**WORK REQUEST**
Only the pictures should be left out; write out all other data exactly.

**COLLECTED MATERIAL**
BEGIN

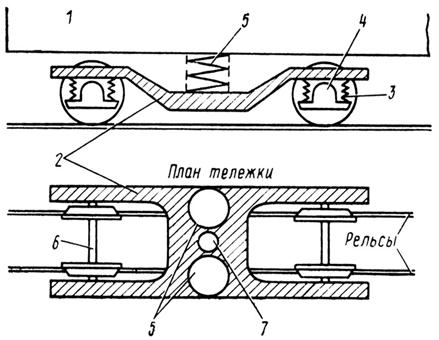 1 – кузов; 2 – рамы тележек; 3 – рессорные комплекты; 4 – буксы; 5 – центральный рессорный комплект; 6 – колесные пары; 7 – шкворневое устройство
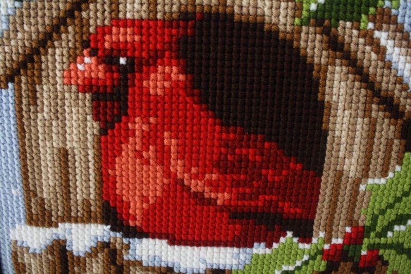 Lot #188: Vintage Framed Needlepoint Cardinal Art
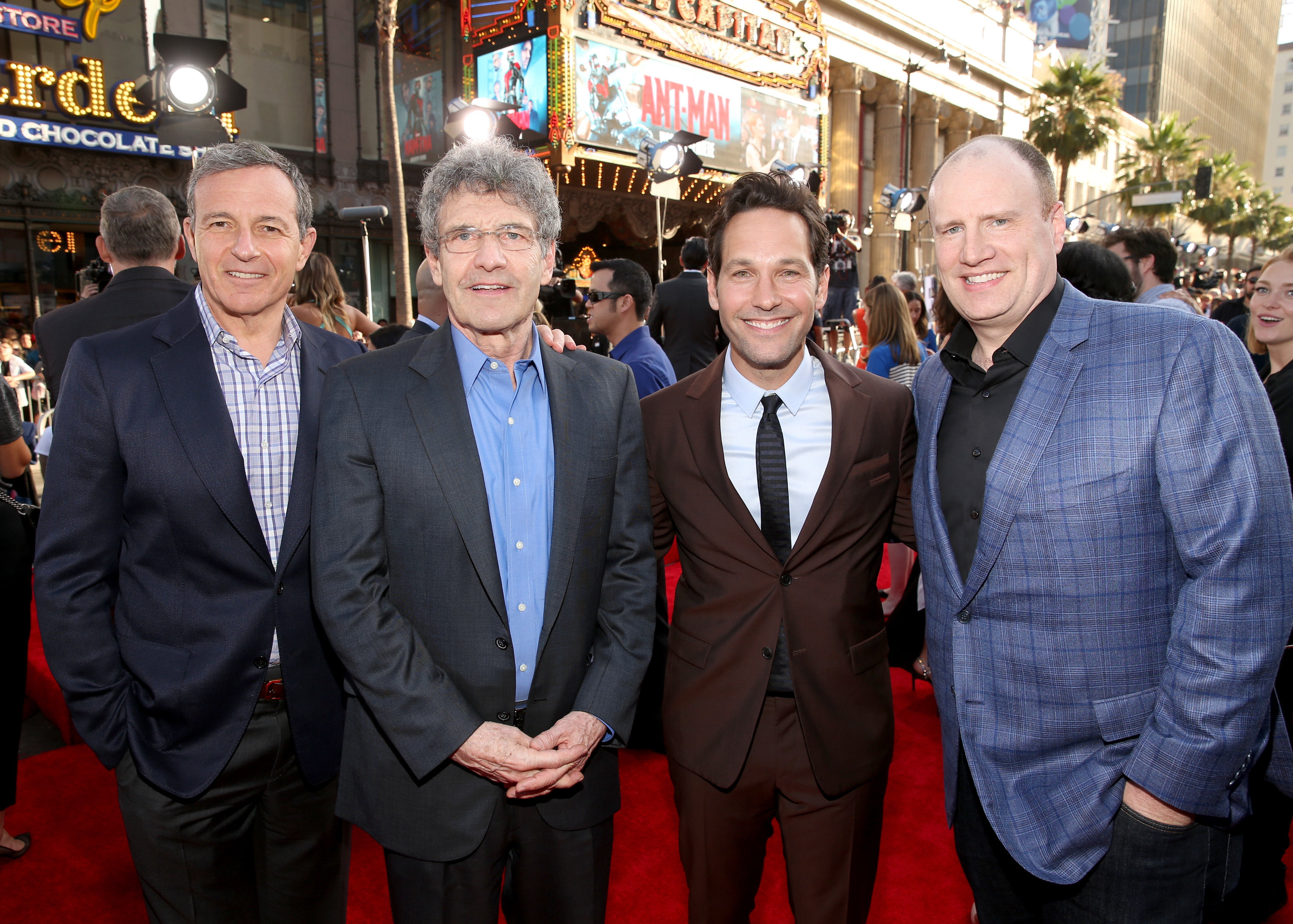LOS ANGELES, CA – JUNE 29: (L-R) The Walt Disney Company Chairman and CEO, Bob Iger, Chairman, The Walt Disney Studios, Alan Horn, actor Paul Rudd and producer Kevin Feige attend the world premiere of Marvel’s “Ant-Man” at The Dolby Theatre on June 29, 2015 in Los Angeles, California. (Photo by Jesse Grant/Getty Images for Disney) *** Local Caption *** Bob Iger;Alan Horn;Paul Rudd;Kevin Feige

END

**ANSWER SPACE**
 1 – кузов; 2 – рамы тележек; 3 – рессорные комплекты; 4 – буксы; 5 – центральный рессорный комплект; 6 – колесные пары; 7 – шкворневое устройство
 Lot #188: Vintage Framed Needlepoint Cardinal Art
LOS ANGELES, CA – JUNE 29: (L-R) The Walt Disney Company Chairman and CEO, Bob Iger, Chairman, The Walt Disney Studios, Alan Horn, actor Paul Rudd and producer Kevin Feige attend the world premiere of Marvel’s “Ant-Man” at The Dolby Theatre on June 29, 2015 in Los Angeles, California. (Photo by Jesse Grant/Getty Images for Disney) *** Local Caption *** Bob Iger;Alan Horn;Paul Rudd;Kevin Feige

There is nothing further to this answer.